Could you please clarify what you mean by public school? In Scotland that means a free school, but in England and Wales it means fee-paying!


----------



## Outsider

Public means government-run. You may pay for them or not. In Portugal, secondary education is free, but in public universities you must pay tuition.


----------



## cuchuflete

In the U.S., hiring of public (government run, funded by taxpayers) schools is
done at a very local level.  Typically there is no test required; candidates must have
a degree in 'education' and some level of supposed competence in the material to
be taught, whether that is science, language, art or any other field.  In addition to academic transcripts and employment records, teachers are interviewed by department heads, other faculty members, and perhaps school administrators.  The process has both objective and subjective elements.

Back in the Dark Ages, when I was a public school student, much foreign language teaching was not effective.  Then I went to a college with superb foreign language instruction.  The primary difference?  The college teachers did not have a degree in "education"!


----------



## The Guru

Sorry ayupshiplad, I should have thought about misunderstandings with denomination, as it can vary from country to country.

By public schools I mean non-private, that is, state-owned free schools. The majority of schools in Spain are like that. I made the distinction in the assumption that private schools would hire teachers exclusively by their merits or curriculum vitae.

Thank you raptor for your interesting comments. That teaching degree you said... is valid for any level?. Teaching degree in Spain is only for primary school, whereas secondary teachers have no special teaching training (apart from a brief pedagogical course) before starting working. Actually any Spanish graduate can become a teacher just by passing the selection process. In case of English teachers, for example, most of them are philologists and translators/interpreters.

Please more opinions, I am very interested!!


----------



## ayupshiplad

Well, this is quite different but I hope still interesting!

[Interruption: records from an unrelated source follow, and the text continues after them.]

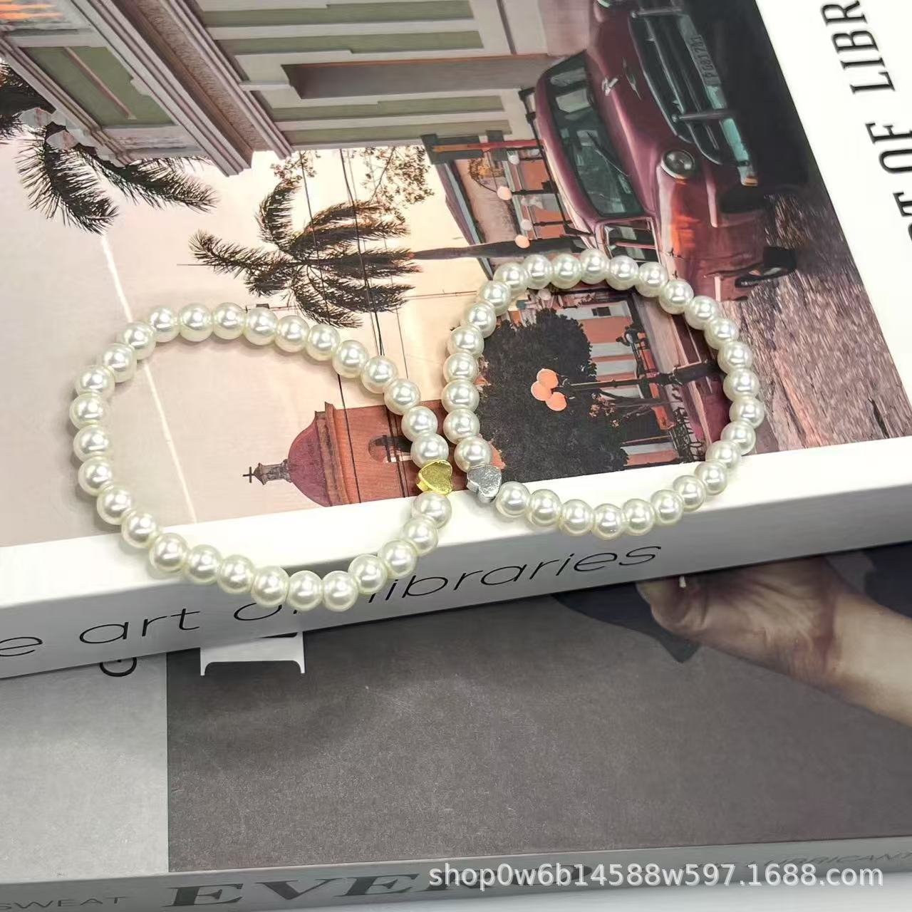 新しい手作りビーズ単層大小真珠ブレスレット幾何学的な愛のファッション多用途ブレスレット女性のブレスレット卸売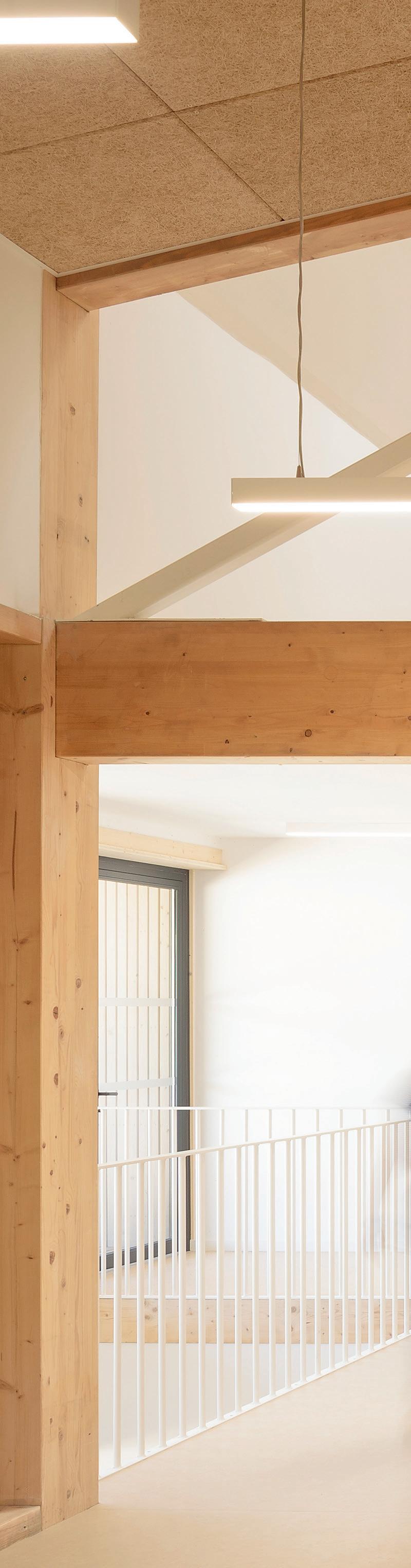 så mycket trä som möjligt och att samtidigt undersöka möjligheterna med att använda synligt KLträ i såväl golv och väggar som tak. Grundläggningen är en platta på mark, men med en KLträskiva i stället för betong. Ytter och innerväggar är av KLträ, och ytorna är lutade, uVbehandlade eller målade med linoljelasyr i olika kulör. Restbitar från fönster och dörröppningar har använts till trappor och fönsterbänkar. Fasaderna är klädda med locklistpanel av ramsågad douglasgran. Vindskivor och andra utsatta delar är av europeisk lärk.« w| wingardhs.se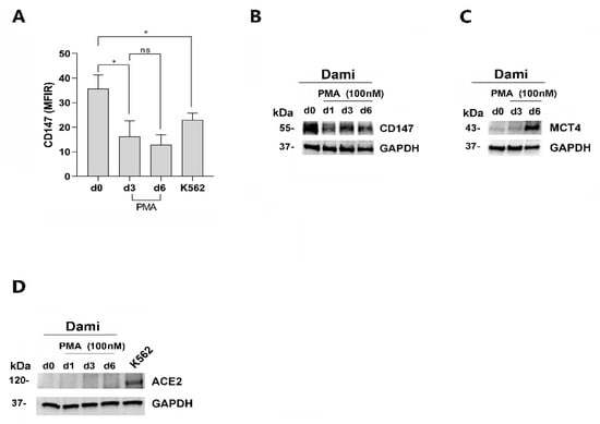 CD147 and MCT4 expression during PMA-induced MK differentiation of Dami cells, negative for ACE-2 expression. (A,B) CD147 protein expression decreases during the first days (from day d0 to day d3) of PMA treatment of Dami cells, but remains constant and well detectable from day 3 to day 6 of PMA treatment of Dami cells, as shown by flow cytometry analysis (A) and Western blot analysis (B). (C) MCT4 protein expression increases during PMA-induced MK-differentiation of Dami cells, as shown by western blot analysis. (D) ACE-2 protein expression is undetectable by western blot analysis, in Dami cells (d0) and during PMA-induced MK differentiation of these cells, as compared to K562, ACE-2 expressing cells. (A) Mean ± SEM of three independent experiments is shown. * p < 0.05; ns is for not significant. (B–D) One representative experiment out of three is shown; GAPDH is shown as an internal control. (D) K562 cells are a positive control for ACE-2 expression.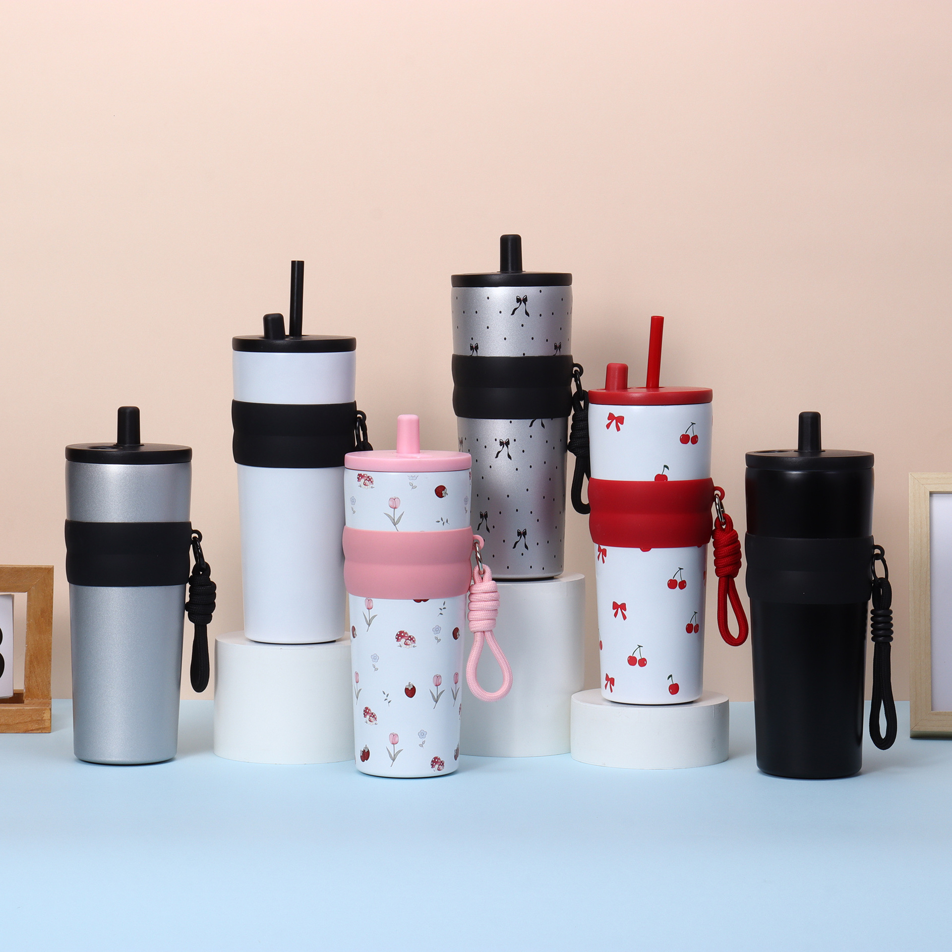 316 ステンレス鋼のポータブルロープストロー断熱カップ高価値プリントアウトドアスポーツポータブルアイスストローカップ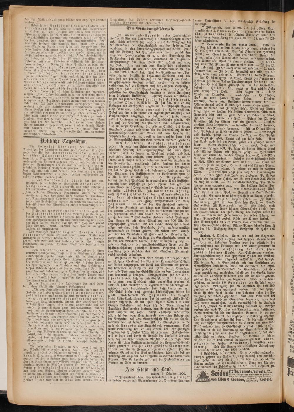 Im Wendland-Prozesse nahm Landgerichls- direktor Müller am Donnerstag die Verhandlungen wieder aus. Diese ersteckten sich wiederum aus die Vorgänge bei der Gründung der Genossenschaft und der späteren Umwandlung in eine Kommanditgesellschaft aus Aktien, sowie auf die Prüfung des Prospekts und seiner thatsächlichen Angaben. Hervorzuheben ist u. a. eine Bemerkung des Vorsitzenden, daß der Angekl. Wendland die „Allgemeine Börsenzeitung^ für etwa 13 000 Mk. gekauft und etwa IV2 Jahr später das mit dem Bankgeschäft verbundene Verlagsgeschäst an den deutschen Bankverein E. G. für 110 000 Mk. verkauft hat. Was die Streitfrage der „Veröffentlichung" betrifft, so behauptete Wendland nach wie vor, daß der Prospekt lediglich an eine Anzahl von Kunden in geschloffenem Couvert geschickt worden sei; er bestritt entschieden, daß der Prospekt auch der „Allgem. Börsenztg." beigelegen habe. Die Vernehmung einiger früheren Angestellten der Genossenschaft brachten in dieser Beziehung keine belastende Aufklärung. Lehrreich waren die Bekundungen des früheren Vorsitzenden des Aussichtsrats, Privatiers Hilmar v. Wilke. Er hat sich, wie er auf Befragen des Vorsitzenden angab, um die Geschäftsführung nicht bekümmert, sondern vorwiegend die Kasse revidiert. Dabei hat ihm nicht immer ein beglaubigter Abschluß eines Bücherrevisors vorgelegen, er hat, wie er sagte, immer vollstes Vertrauen zu den Angaben Wendlands gehabt. Er har auch die Prüfung des Prospekts nicht vorgenommen, avch in dieser Beziehung der besseren Einsicht des Herrn Wendland vertraut und seinerseits die Umwandlung in eine Kommanditgesellschaft auf Aktien aus dem Grunde für empfehlenswert gehalten, „weil er immer gehört hatte, daß bei Aktiengesellschaften viel Geld verdient werde." (Heiterk.)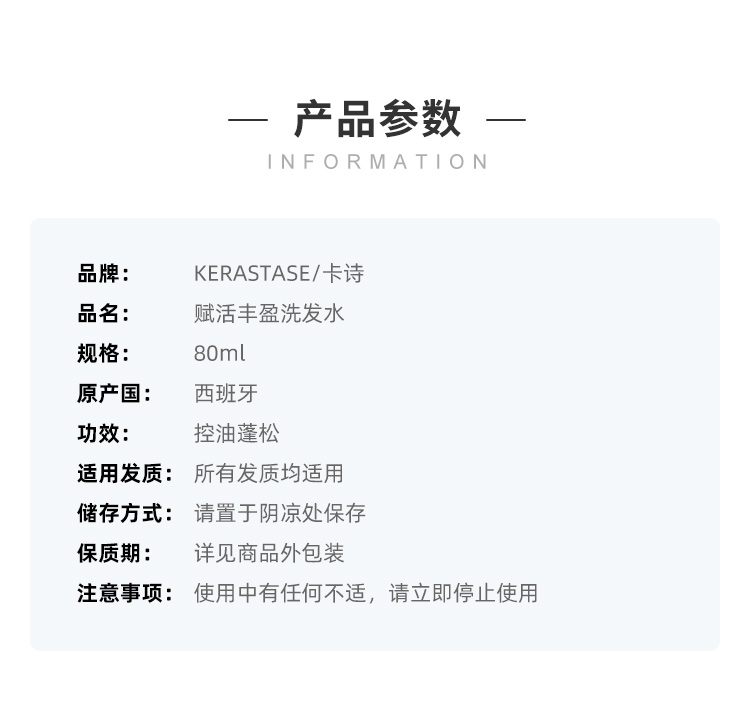 【秒杀】卡诗白金赋活丰盈洗发水蓬松清洁无硅油洗发露80ml
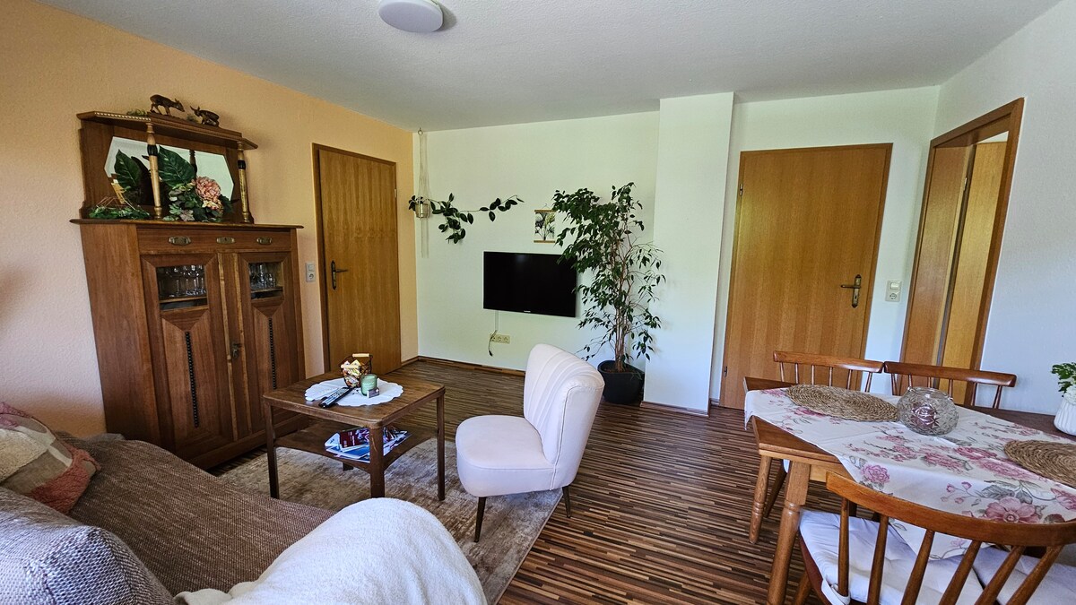 Liebe potenzielle Gäste: Ob auf der Durchreise, für eine kleine Auszeit oder aber für länger - unsere großzügige, bequeme Wohnung Elli ist schnell erreichbar und ein guter Ort, um abends zu entspannen - z.B. auf dem Balkon mit Weitblick. Im Ort gibt es ein schönes Freibad und gute Gastronomie - drumherum viel Wald. Unser Café hat wochentags ab 6 bzw. am Wochenende ab 7 Uhr Frühstück.

My school is a private school and all the teachers speak at least two foreign languages, and I think that is a requirement. I wonder if it's similar anywhere else?


----------



## The Guru

Thanks for your comments cuchuflete, I'm a long-time admirer of your wisdom!

So are schools in the US (even the public ones) autonomous for hiring according to their needs? Do teachers get a temporary or a long-term job?

Spanish system is quite different. Public schools in Spain are a government-run network where vacants are covered by the administration. Every few years they call for a massive process where thousands of applicants compete for a number of positions. If their marks are high enough they get a job for life (as a civil servant), otherwise they get a temporary job and are continually relocated. Finally, those who passed with lower marks wait for their turn in a sort of waiting lists. Merits are valued but exams are decisive.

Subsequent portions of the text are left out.